DATA EXTRACTS Block Start
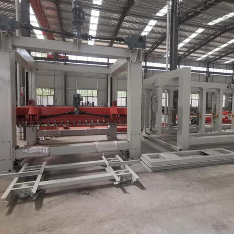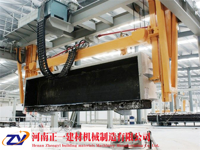 翻转吊具将坯体(带模具、侧板)在空中翻转90度,吊具放在切割台或切割小车上,脱去模框,坯体即能切割。
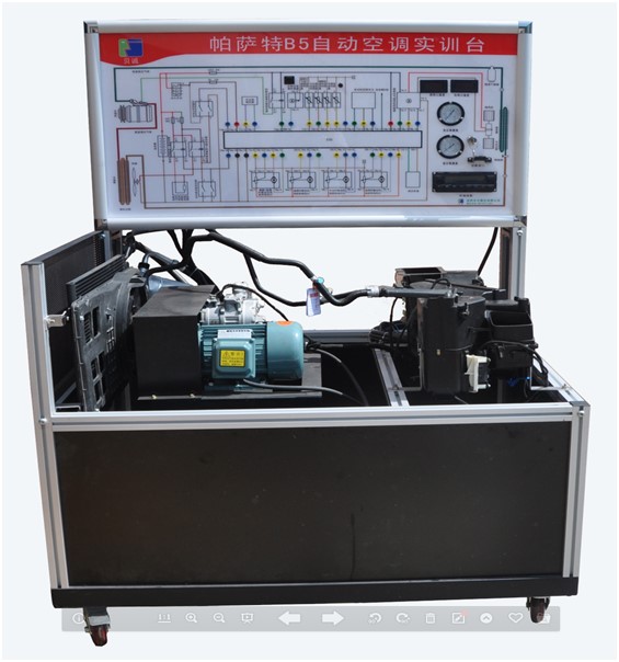 2、通過(guò)原廠自動(dòng)空調(diào)實(shí)訓(xùn)臺(tái)進(jìn)行操作,通過(guò)驅(qū)動(dòng)電機(jī)模擬發(fā)動(dòng)機(jī)驅(qū)動(dòng)空調(diào)壓縮機(jī)工作,通過(guò)自動(dòng)個(gè)空調(diào)控制面板驅(qū)動(dòng)蒸發(fā)箱各風(fēng)道口私服電機(jī)工作
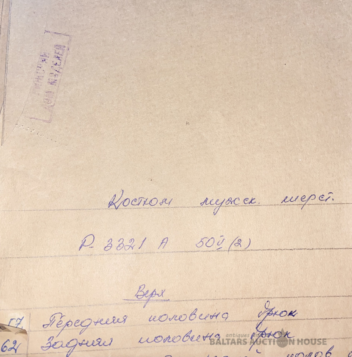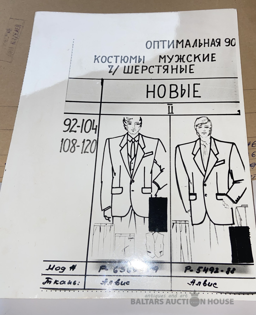 Modeļa skice: vīriešu vilnas uzvalks 1990.gads. Autors: Korns,konstruktors: Strazdiņa. Trūkst skices detaļas.
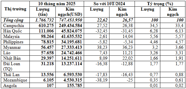 Phân bón của Việt Nam xuất khẩu nhiều nhất sang thị trường Campuchia, chiếm 34,5% về lượng và chiếm 33,4% về kim ngạch trong tổng xuất khẩu phân bón của cả nước, đạt 610.275 tấn, trị giá 249,43 triệu USD, giá trung bình 408,7 USD/tấn; tăng 27,5% về lượng, tăng 26,4% về trị giá nhưng giảm 0,9% về giá so với 10 tháng năm 2024.
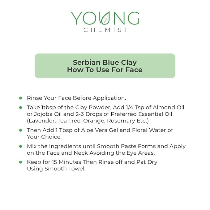 • Restores Skin Nutrients - Blue Cambrian Blue Clay Powder is filled with essential mineral salts, micro, and macro-elements that nourish the skin and make it healthy. These nutrients may refresh the skin making it soft.
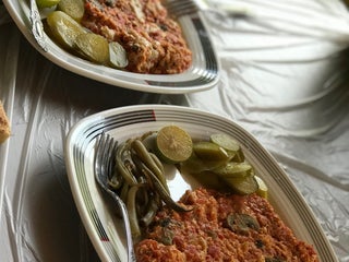 Toursh chicken kebab was tasty and fried fish was so fresh and yummy. Rice was normal, olives were so good.
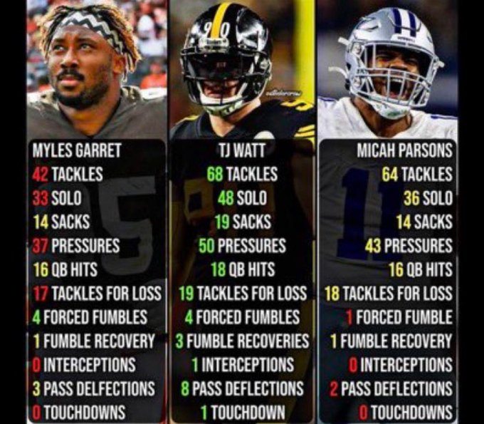 Parsons accused a writer for Barstool of stat-scouting after the writer said this was a “NFL Rig Job.” In addition to calling it a “horrible take,” he also brought attention to how frequently Garrett had to be double-teamed while still having an effect on the game.
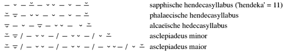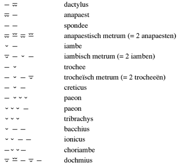 (1) Prosodie (leer van de kwantiteit der lettergrepen). Als lang gold een lettergreep niet alleen als ze een lange klinker of een tweeklank bevatte, maar ook als ze bestond uit een korte klinker gevolgd door twee of meer medeklinkers waarvan de eerste niet tot de volgende lettergreep werd gerekend; alle andere lettergrepen golden als kort en kregen bij de voordracht ongeveer de helft van de duur van een lange.
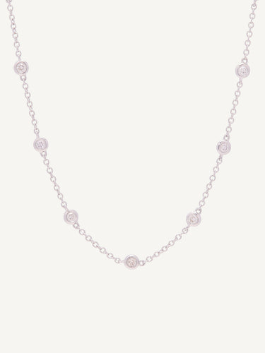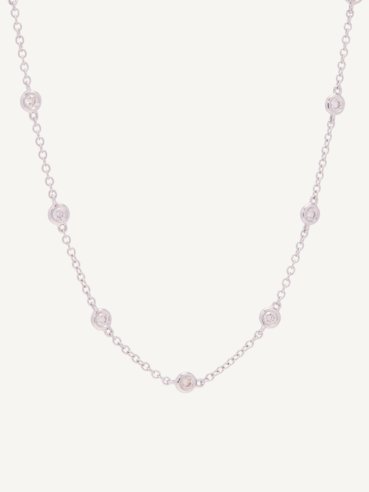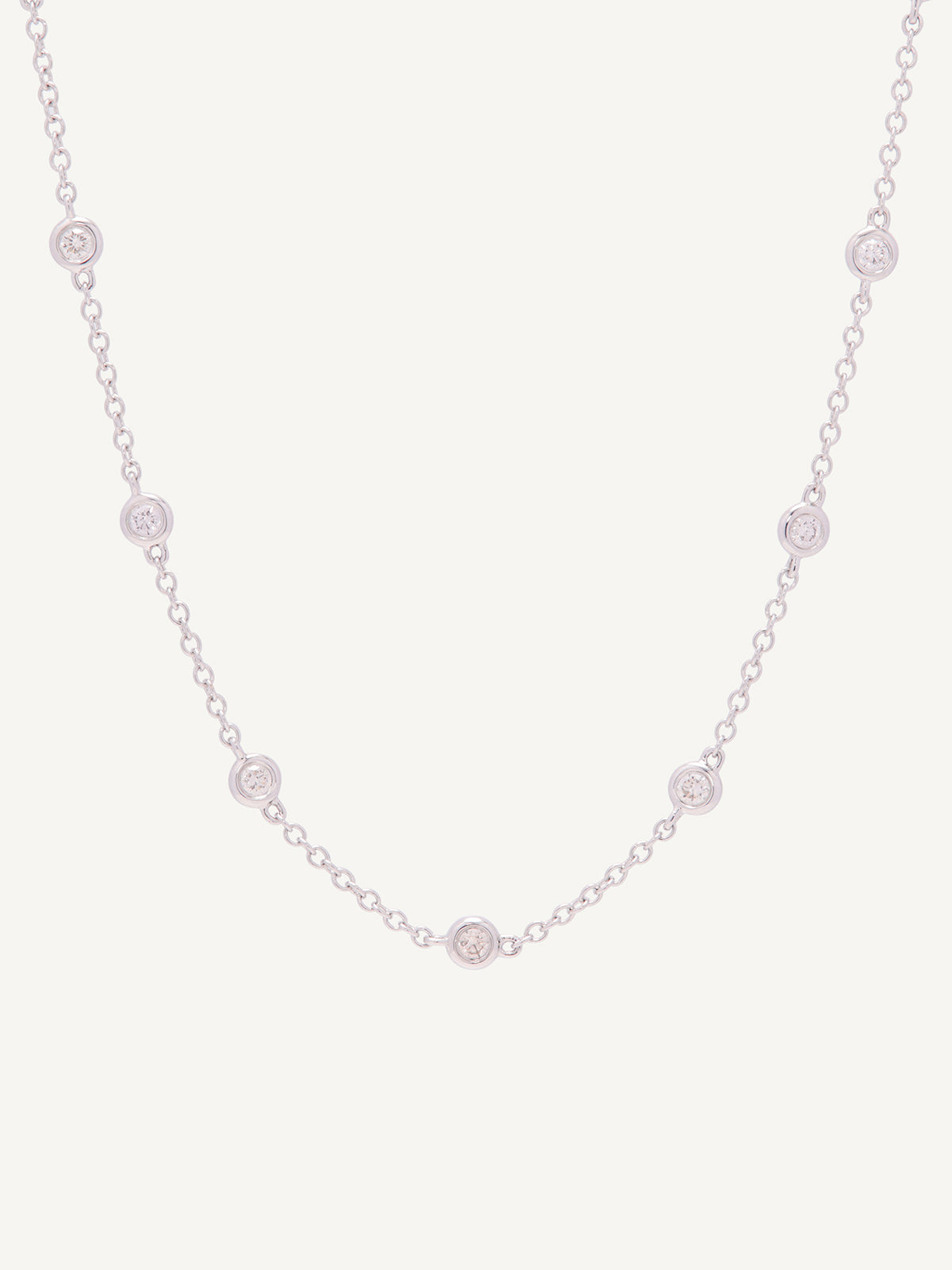 Set in 18ct white gold, this necklace features a stunning rub over set design with scattered natural diamonds that shimmer with every movement.
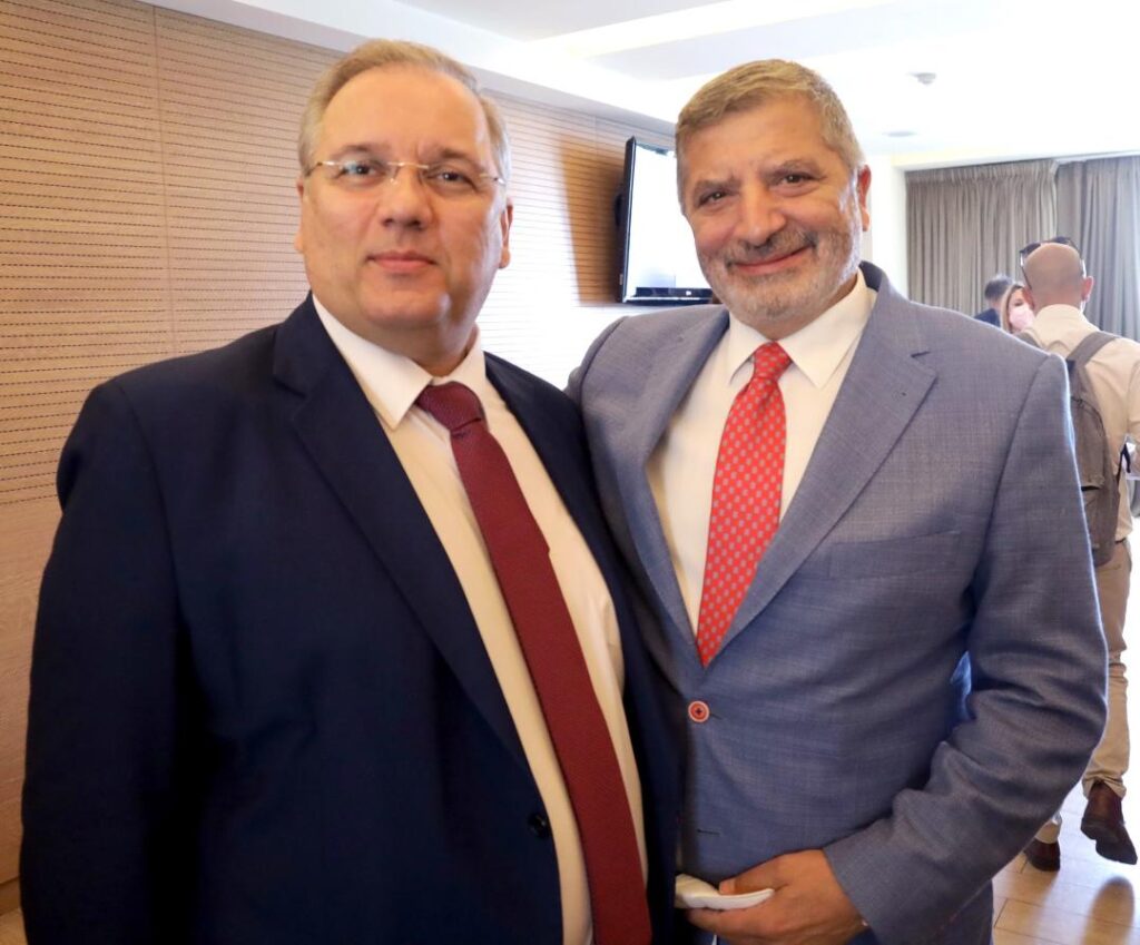 Τον Περιφερειάρχη υποδέχθηκε στο Συνέδριο ο Πρόεδρος του ΕΒΕΑ Γ. Μπρατάκος, τον οποίο ο κ. Πατούλης συνεχάρη για το έργο που κάνει τους τελευταίους μήνες ως νέος Πρόεδρος του Επιμελητηρίου, εξάροντας τη συμβολή του στη στήριξη των επιχειρήσεων αυτή τη πολύ δύσκολη περίοδο, αλλά και στη θεσμική ενδυνάμωση των Επιμελητηρίων.
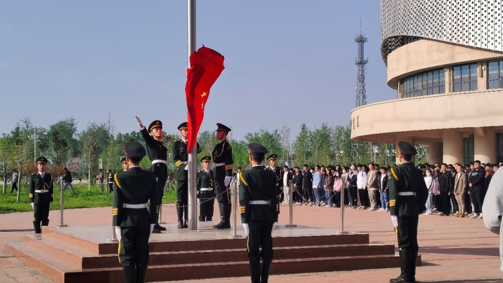 4月10日,土木工程系在航空港校区举行升国旗仪式,系党总支书记文琳、全体学管老师及在校生参加。
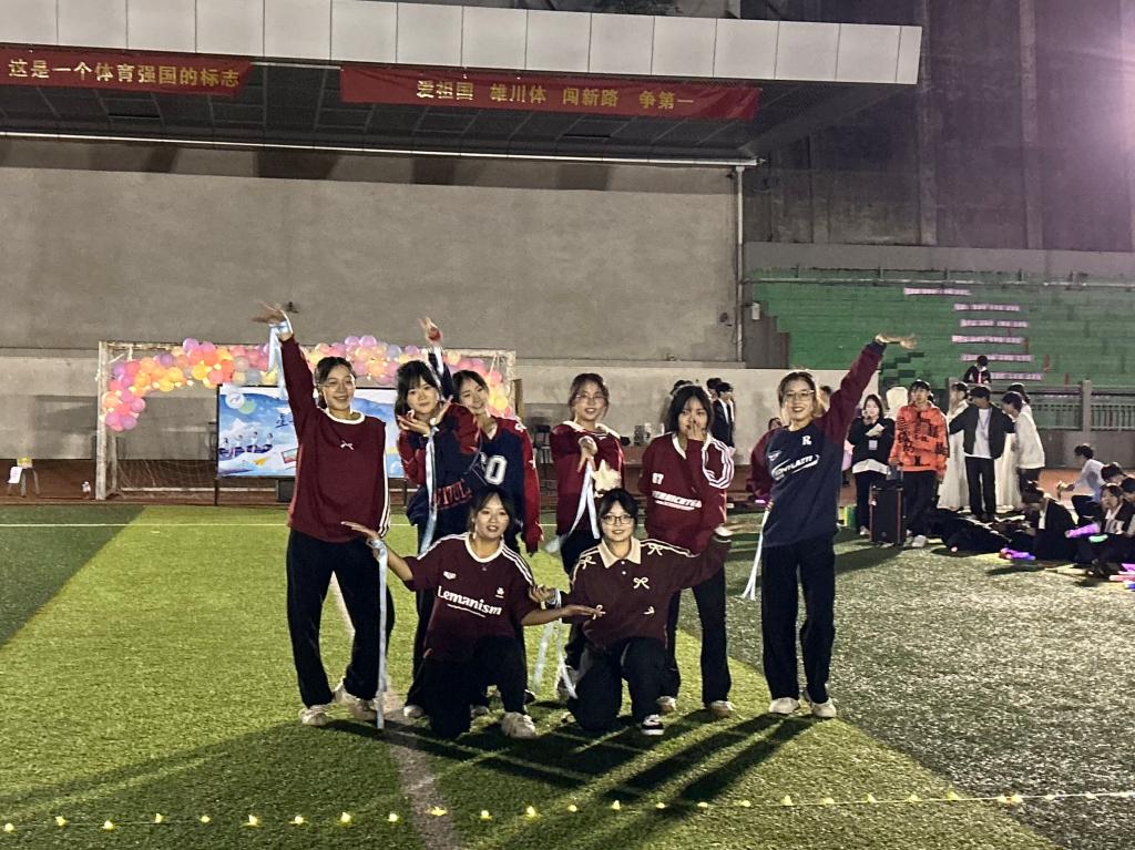 比赛现场,各班依次登台展示。比赛节目形式丰富多样,涵盖了舞蹈、合唱、光影秀、小品等多种类型,充分展现了同学们的才艺和创意。同学们热情高涨,在舞台上活力四射,用精彩的表演诠释了青春的活力与激情。中场休息时,抽奖环节和随舞活动将现场气氛推向高潮。比赛下半场,艺术团成员们也为大家带来了精彩绝伦的表演。活动结束后,同学们在操场上合影留念。比赛的最终结果为:
DATA EXTRACTS Block End
#### TASK STATEMENT:
A faithful copy of the data above is wanted, with every image left out.

#### REPLY:
 翻转吊具将坯体(带模具、侧板)在空中翻转90度,吊具放在切割台或切割小车上,脱去模框,坯体即能切割。
 2、通過(guò)原廠自動(dòng)空調(diào)實(shí)訓(xùn)臺(tái)進(jìn)行操作,通過(guò)驅(qū)動(dòng)電機(jī)模擬發(fā)動(dòng)機(jī)驅(qū)動(dòng)空調(diào)壓縮機(jī)工作,通過(guò)自動(dòng)個(gè)空調(diào)控制面板驅(qū)動(dòng)蒸發(fā)箱各風(fēng)道口私服電機(jī)工作
 Modeļa skice: vīriešu vilnas uzvalks 1990.gads. Autors: Korns,konstruktors: Strazdiņa. Trūkst skices detaļas.
 Phân bón của Việt Nam xuất khẩu nhiều nhất sang thị trường Campuchia, chiếm 34,5% về lượng và chiếm 33,4% về kim ngạch trong tổng xuất khẩu phân bón của cả nước, đạt 610.275 tấn, trị giá 249,43 triệu USD, giá trung bình 408,7 USD/tấn; tăng 27,5% về lượng, tăng 26,4% về trị giá nhưng giảm 0,9% về giá so với 10 tháng năm 2024.
 • Restores Skin Nutrients - Blue Cambrian Blue Clay Powder is filled with essential mineral salts, micro, and macro-elements that nourish the skin and make it healthy. These nutrients may refresh the skin making it soft.
 Toursh chicken kebab was tasty and fried fish was so fresh and yummy. Rice was normal, olives were so good.
 Parsons accused a writer for Barstool of stat-scouting after the writer said this was a “NFL Rig Job.” In addition to calling it a “horrible take,” he also brought attention to how frequently Garrett had to be double-teamed while still having an effect on the game.
 (1) Prosodie (leer van de kwantiteit der lettergrepen). Als lang gold een lettergreep niet alleen als ze een lange klinker of een tweeklank bevatte, maar ook als ze bestond uit een korte klinker gevolgd door twee of meer medeklinkers waarvan de eerste niet tot de volgende lettergreep werd gerekend; alle andere lettergrepen golden als kort en kregen bij de voordracht ongeveer de helft van de duur van een lange.
 Set in 18ct white gold, this necklace features a stunning rub over set design with scattered natural diamonds that shimmer with every movement.
 Τον Περιφερειάρχη υποδέχθηκε στο Συνέδριο ο Πρόεδρος του ΕΒΕΑ Γ. Μπρατάκος, τον οποίο ο κ. Πατούλης συνεχάρη για το έργο που κάνει τους τελευταίους μήνες ως νέος Πρόεδρος του Επιμελητηρίου, εξάροντας τη συμβολή του στη στήριξη των επιχειρήσεων αυτή τη πολύ δύσκολη περίοδο, αλλά και στη θεσμική ενδυνάμωση των Επιμελητηρίων.
 4月10日,土木工程系在航空港校区举行升国旗仪式,系党总支书记文琳、全体学管老师及在校生参加。
 比赛现场,各班依次登台展示。比赛节目形式丰富多样,涵盖了舞蹈、合唱、光影秀、小品等多种类型,充分展现了同学们的才艺和创意。同学们热情高涨,在舞台上活力四射,用精彩的表演诠释了青春的活力与激情。中场休息时,抽奖环节和随舞活动将现场气氛推向高潮。比赛下半场,艺术团成员们也为大家带来了精彩绝伦的表演。活动结束后,同学们在操场上合影留念。比赛的最终结果为:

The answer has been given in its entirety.